Nowadays, data can be found in many different formats and multimodal approaches are gaining attention in many natural language processing tasks such as text generation, machine translation or sentiment analysis. Indeed, many research areas are moving from a single modality to full-fledged multimodality research, e.g. multimodal corpora, multimodal lexicons, etc. For instance, efforts are being made to integrate images, sign languages, sounds, etc. into existing wordnets. As the exchange of information among modalities can be crucial for lexical databases, we want to address this interdisciplinary research area in the first Workshop on “Multimodal wordnets”, co-located with LREC 2020.

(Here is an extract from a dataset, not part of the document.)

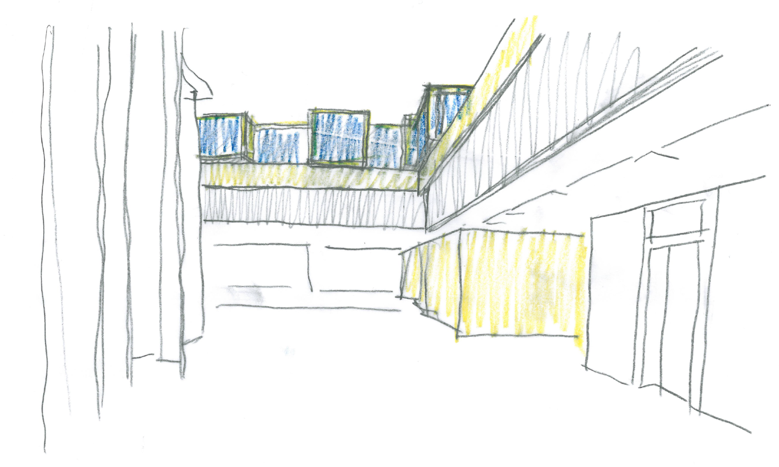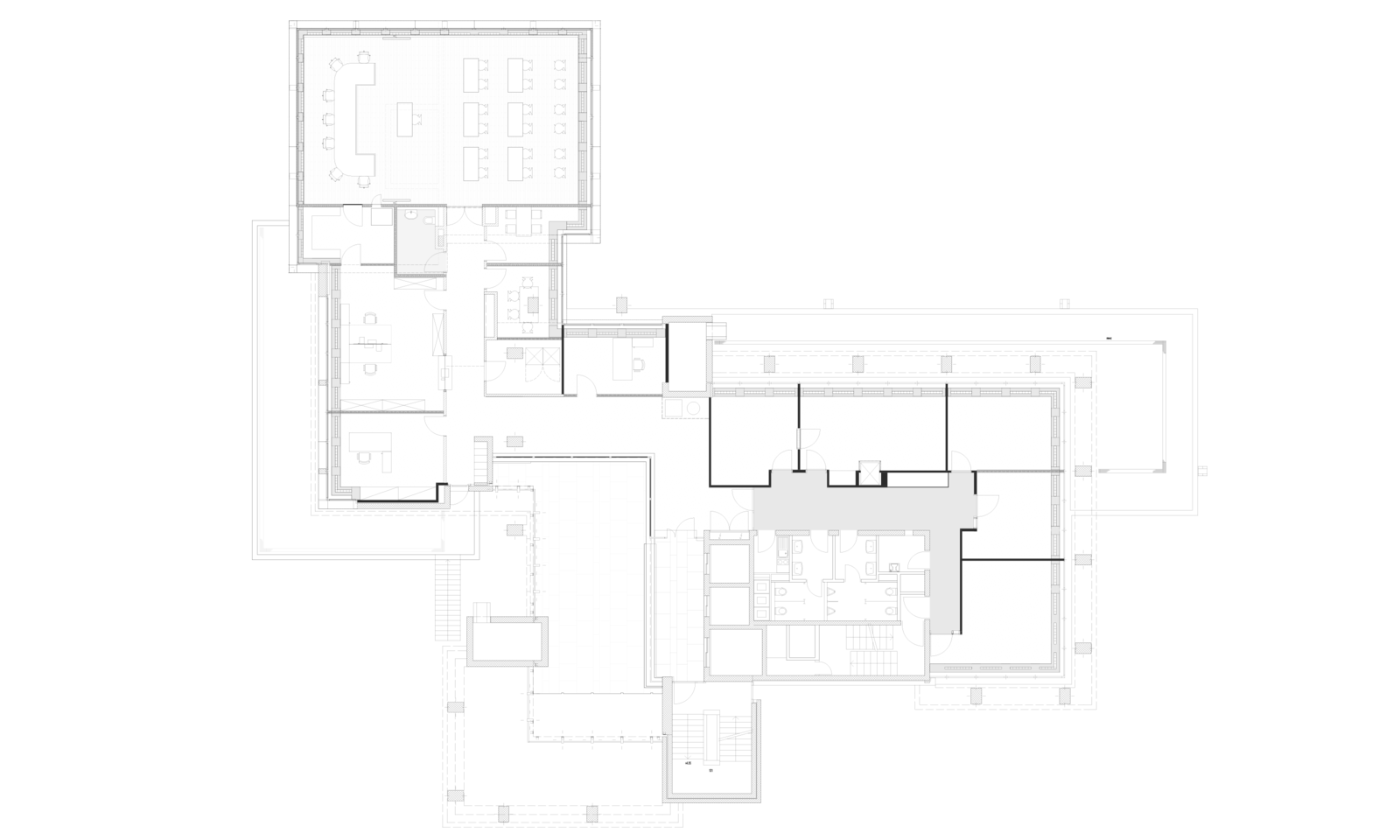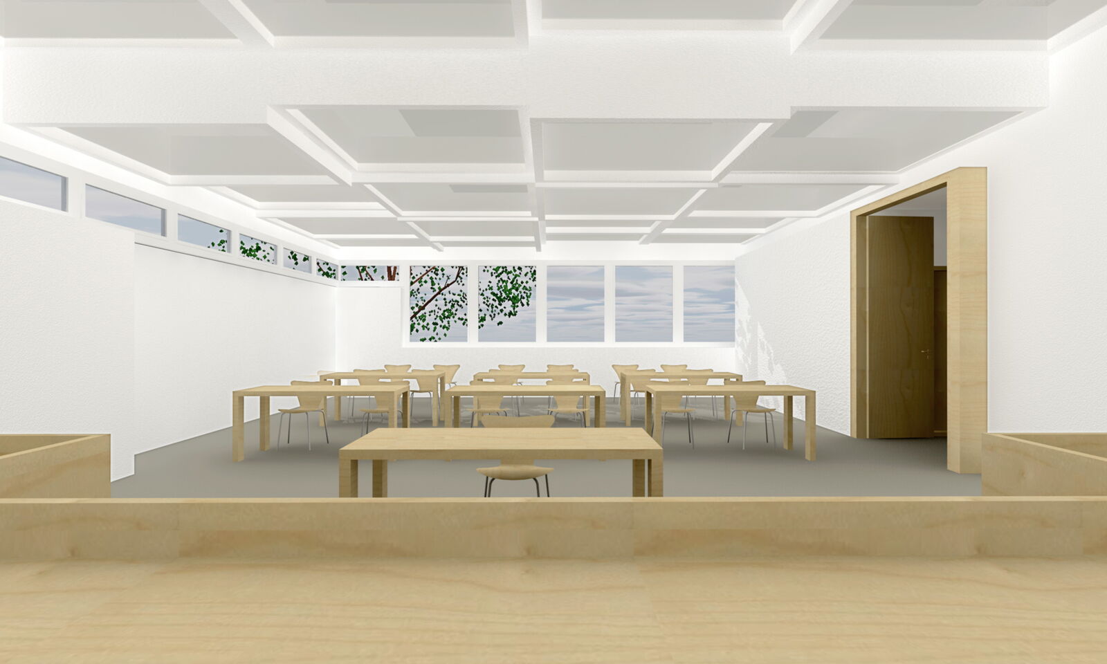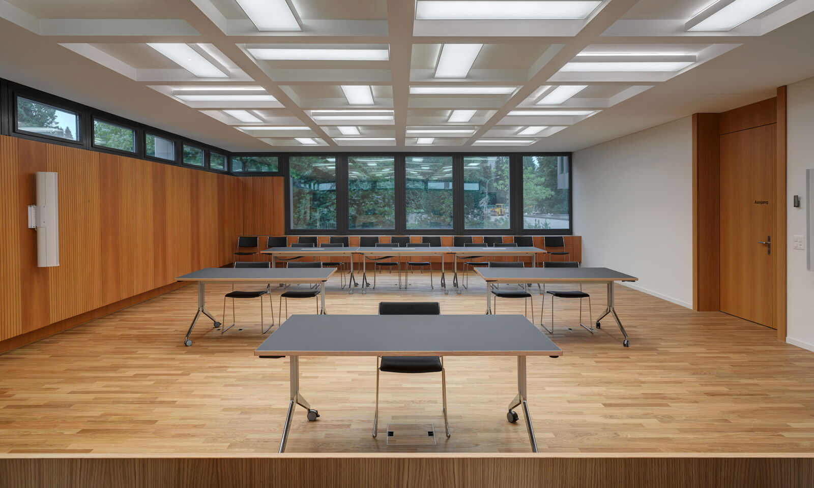 Der östliche Sockelbau, das einstige Rechenzentrum, wird zum neuen Verhandlungssaal des Verwaltungsgerichtes. Materialisierung und Farbigkeit haben wir aus dem Kanon des Bestandes entwickelt. Die Aufgabe bestand darin, Gericht und Saal einen, der Nutzung entsprechenden, Auftritt mit adäquater Atmosphäre zu verleihen.
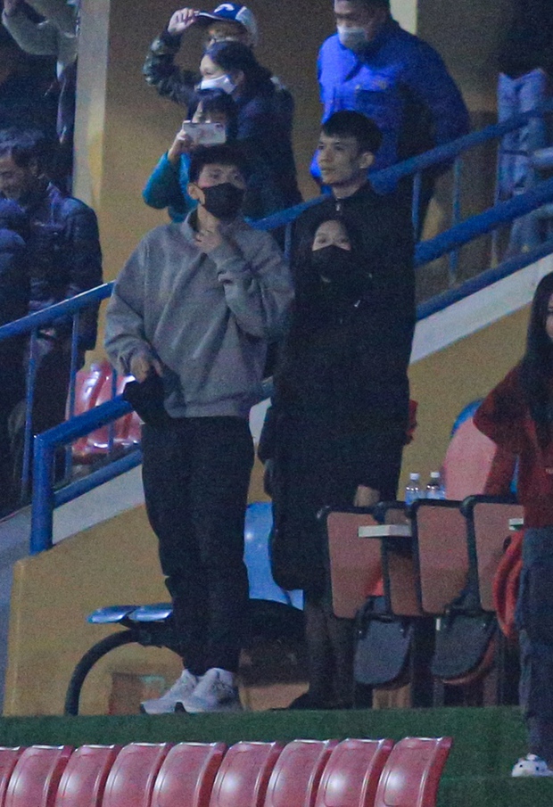 Hậu vệ Đoàn Văn Hậu có hành động tình cảm khi đưa vợ đi xem đá bóng.

The workshop is organized by the Global WordNet Association (GWA). GWA is a free, public and non-commercial organization that provides a platform for discussing, sharing and connecting wordnets for all languages in the world. The GWA has created in 2019 a Working Group dedicated to multimodal wordnets in order to extend the development and use of wordnets to other modalities than just text: some well known examples of multimodal approaches and wordnets are ImageNet, an image database structured according to WordNet hierarchy and ASLNet, A Wordnet for American Sign Language, and the Suggested Upper Merged Ontology (SUMO).
Topics of Interest
The workshop aims at studying the interaction and cross-fertilization between wordnets and existing multimodal resources. We invite submissions with original contributions addressing, but not limited to, the topics listed below.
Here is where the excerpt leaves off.